ボルケーノ・クライシス 「評価 B」
南米の小国サンペドロ。今度この国をローマ法王が訪問するということなので、新聞記者のサムがアメリカの本社から派遣されてきた。しかしサム自身の興味はローマ法王ではなく、この国の独裁者メンドーサ大統領に長年抵抗し続けているゲリラ組織のリーダー、マルコスにあった。何とかして彼に会いたいと思うサムだったが、大統領の独裁体制は予想以上に厳しく、少しでもゲリラのことを口にしたら即刻射殺されかねない状況だった。それでも数々の苦難を乗り越え、マルコスとの対面を果たすサム。メンドーサの体制にうんざりしていたサムは、この国に民主主義をもたらそうという彼の思想に同調し、組織に協力することを誓った。そして世界中にメンドーサの悪事を知らしめる計画を彼らが実行しようとしたその時、火山が轟音と共に噴火を始めた…。

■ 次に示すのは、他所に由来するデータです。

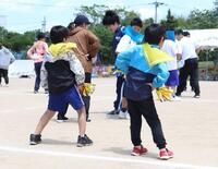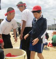 高学年と中学部は「綱を持て。」の合図に「やー!」と気合を入れ、リーダーの旗振りに合わせて綱を引きました。

90年代後半の火山映画ブームに便乗し、ロジャー・コーマンが即席で製作した映画。アクション中心の内容で火山が添え物的扱いになっている上、噴火シーンの映像は九十パーセントが他の記録映像からの使い回しという低予算ぶりだが、明確な構図と痛快無比な展開によってちゃんとした娯楽作品に仕上げているのは、さすがコーマンと言ったところ。各登場人物がしっかりと自らの信念に基づいて行動しているので物語が複雑になることも無く、最初から最後まで安心して見ていられる(特にメンドーサ大統領の分かり易すぎる独裁者像は見ていて笑いが込み上げてくるほどだ)。火山映画としては殆ど詐欺のような内容だが、いかにもコーマンらしい、B級だと割り切った作りに好感がもてる映画である。